Exercise goal —
Return the listing exactly as it appears, but strip out the images.

Information supplied —
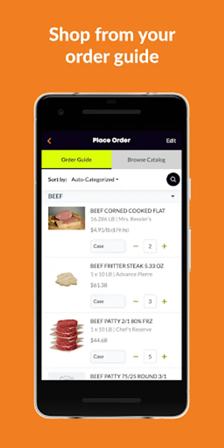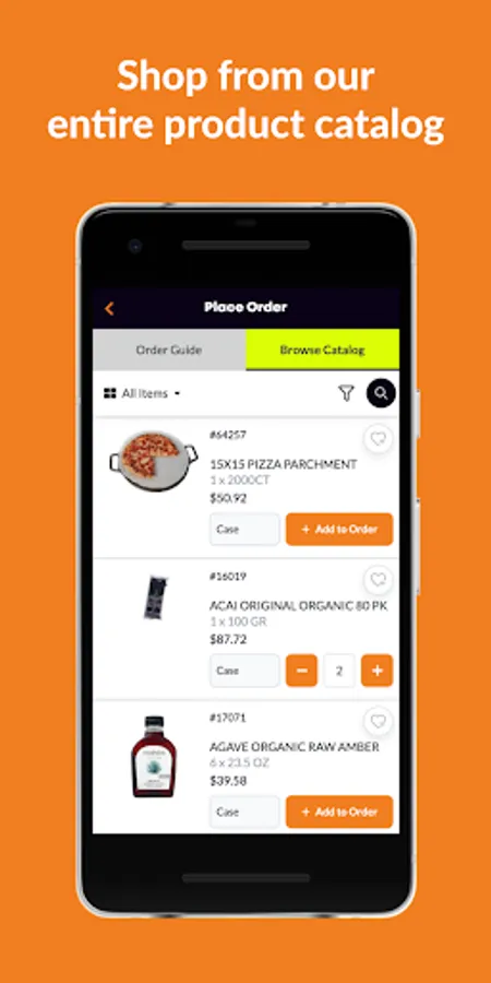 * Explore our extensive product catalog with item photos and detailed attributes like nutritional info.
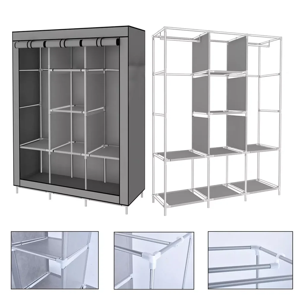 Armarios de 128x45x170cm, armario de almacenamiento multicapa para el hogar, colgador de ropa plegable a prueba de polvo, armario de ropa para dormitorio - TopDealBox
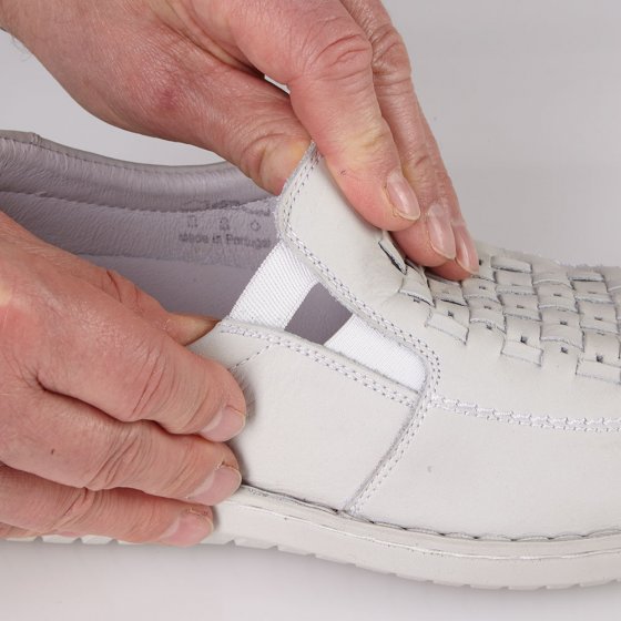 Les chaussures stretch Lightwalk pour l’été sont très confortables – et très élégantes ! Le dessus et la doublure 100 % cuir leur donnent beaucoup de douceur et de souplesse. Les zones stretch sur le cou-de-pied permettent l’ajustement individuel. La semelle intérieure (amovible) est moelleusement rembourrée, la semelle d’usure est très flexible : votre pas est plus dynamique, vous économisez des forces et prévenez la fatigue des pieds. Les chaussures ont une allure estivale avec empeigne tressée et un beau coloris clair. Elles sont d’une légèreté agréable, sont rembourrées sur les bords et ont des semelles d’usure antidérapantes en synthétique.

Completed task —
 * Explore our extensive product catalog with item photos and detailed attributes like nutritional info.
 Armarios de 128x45x170cm, armario de almacenamiento multicapa para el hogar, colgador de ropa plegable a prueba de polvo, armario de ropa para dormitorio - TopDealBox
 Les chaussures stretch Lightwalk pour l’été sont très confortables – et très élégantes ! Le dessus et la doublure 100 % cuir leur donnent beaucoup de douceur et de souplesse. Les zones stretch sur le cou-de-pied permettent l’ajustement individuel. La semelle intérieure (amovible) est moelleusement rembourrée, la semelle d’usure est très flexible : votre pas est plus dynamique, vous économisez des forces et prévenez la fatigue des pieds. Les chaussures ont une allure estivale avec empeigne tressée et un beau coloris clair. Elles sont d’une légèreté agréable, sont rembourrées sur les bords et ont des semelles d’usure antidérapantes en synthétique.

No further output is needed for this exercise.